That was too much for her. Her gorge rose.

“Stop the car!” she said, desperately.

He looked at her, startled, “Oh, hey, you don’t have to get out here, I’ll drive you home…”

“No, that’s not it. Stop the car!”

Puzzled, he pulled over onto the shoulder, and she got the door open and leaned out just in time to vomit onto asphalt instead of upholstery.

Smith watched helplessly from the driver’s seat, and noted wryly that she never loosened her grip on the crowbar.

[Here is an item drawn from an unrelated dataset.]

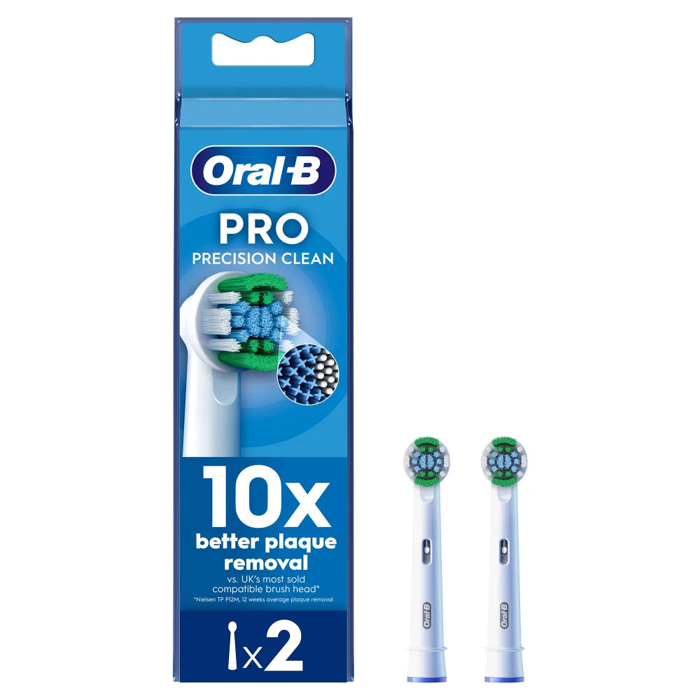 The Oral-B Pro Precision Clean toothbrush head bristles brush away plaque for a superior tooth-by-tooth clean than with a regular manual toothbrush. Oral-B genuine brush heads are designed with new X-shape bristles that clean in areas that round ones cannot reach. Its brush head usage indicator turns bristles from green to yellow showing you when to change for 100% cleaning efficacy. Guaranteed fit with Oral-B electric rechargeable toothbrushes except Pulsonic & iO toothbrushes.

At least, she thought as she wiped her mouth with a rag from the glove compartment, at least she wasn’t hungry any more; missed dinner or no, she wasn’t the least interested in eating anything for quite some time.

When she was done, and sure that nothing more would come up, she leaned back and closed the door.

“Take me home,” she said.

Smith started the car rolling.

“What about…” he began.

“Tomorrow morning,” she said, “I’m going over to Bill’s apartment, and I’m going to talk to him, and if you’re right, I’m going to go home again and call you up.” She paused, then added, “And if this is all some kind of a sick, nasty joke, then I swear I’m going to report you to the cops, you son of a bitch, and tell them you tried to rape me.”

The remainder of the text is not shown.